计算机科学与探索 ›› 2018, Vol. 12 ›› Issue (1): 120-133.DOI: 10.3778/j.issn.1673-9418.1609018

• 人工智能与模式识别 • 上一篇    下一篇

基于分割的字符串相似性查找算法

刘慧婷+,黄厚柱,刘志中,赵  鹏   

  1. 安徽大学 计算机科学与技术学院,合肥 230601
  • 出版日期:2018-01-01 发布日期:2018-01-09

Partition-Based Algorithms for String Similarity Search

LIU Huiting+, HUANG Houzhu, LIU Zhizhong, ZHAO Peng   

  1. School of Computer Science and Technology, Anhui University, Hefei 230601, China
  • Online:2018-01-01 Published:2018-01-09

摘要: 字符串相似性查找问题主要包括两方面,基于阈值的字符串相似性查找以及top-k字符串相似性查找。目前处理基于阈值的字符串相似性查找问题的算法多是基于过滤-验证框架的。基于该框架提出了PBsearch算法,算法在过滤阶段首次加入One-Off条件过滤掉大量的无效匹配,并在验证阶段提出了一种新的验证算法MultiThreshold算法,大大减少了计算编辑距离的次数。在top-k字符串相似性查找问题方面,提出了两种基于分割思想的算法,Pb-topk算法和PbCount-topk算法。其中,Pb-topk算法采用差值递增的策略,减少了需处理的字符串数目;PbCount-topk算法采用匹配数目划分的策略,进一步缩小了候选集的规模。最后,通过在3个真实数据集上的实验结果,验证了提出算法的高效性。
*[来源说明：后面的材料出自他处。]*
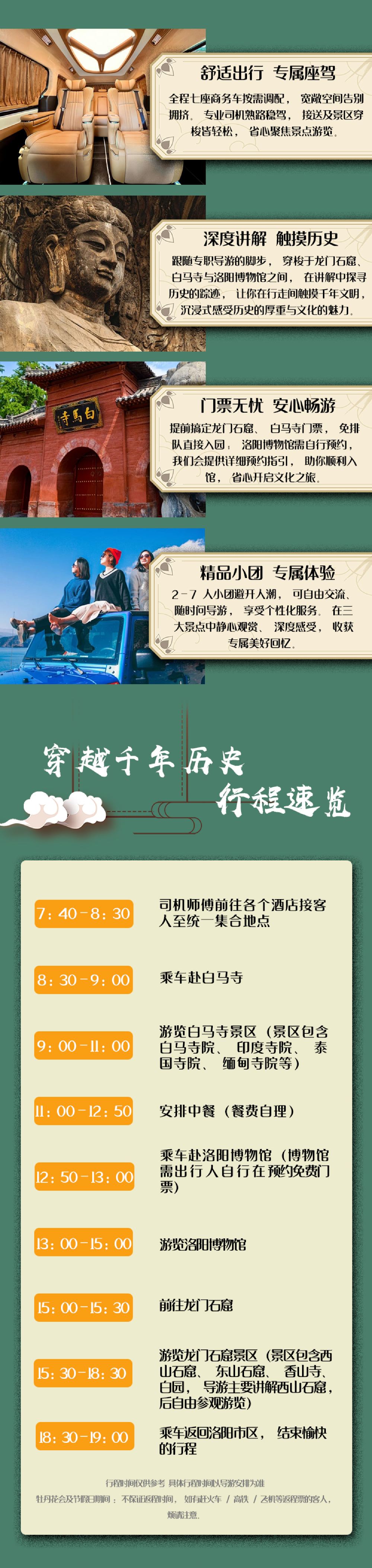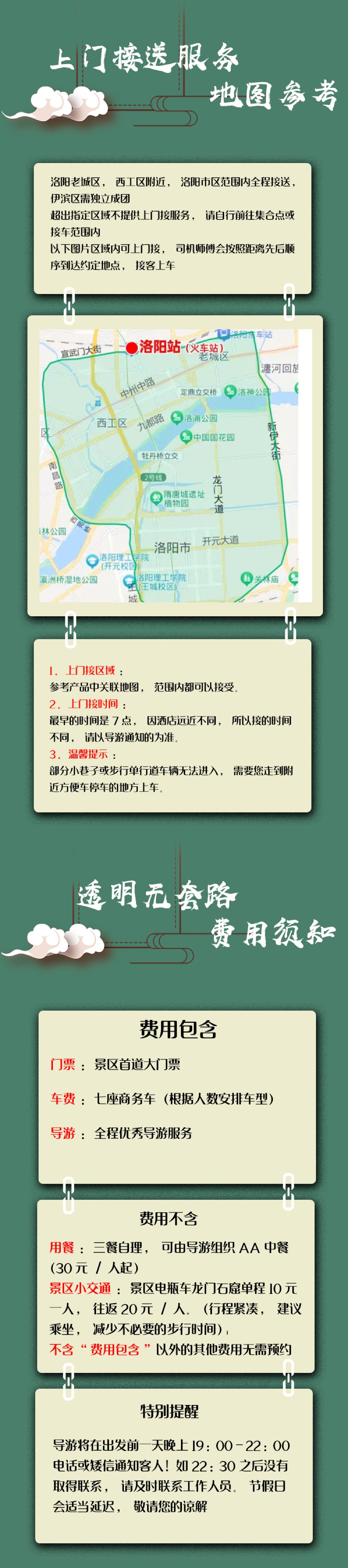 2.行程结束后专车送回酒店或洛阳市区任意位置,行程当天可免费送高铁站/火车站。

关键词: 字符串相似性查找, 阈值, top-k, 分割, 编辑距离

Abstract: The problem of string similarity search involves two aspects, threshold-based string similarity search and top-k string similarity search. At present, the methods of dealing with threshold-based string similarity search problem mostly are based on the filter-and-verification framework. Based on this framework, this paper proposes an algorithm called PBsearch. In the filtering step, it adds One-Off condition to filter a large number of invalid matches. And in the verification step, it uses a new method called MultiThreshold to greatly reduce the number of edit distance computation. To deal with top-k string similarity search problem, this paper puts forward two partition-based algorithms called Pb-topk and PbCount-topk. Pb-topk algorithm uses the increment of the difference strategy to reduce the number of strings to be processed. And PbCount-topk algorithm uses the partition of the number of matching strategy to further refine the size of the candidate set. Finally, the experimental results on three real data sets verify the efficiency of these proposed algorithms.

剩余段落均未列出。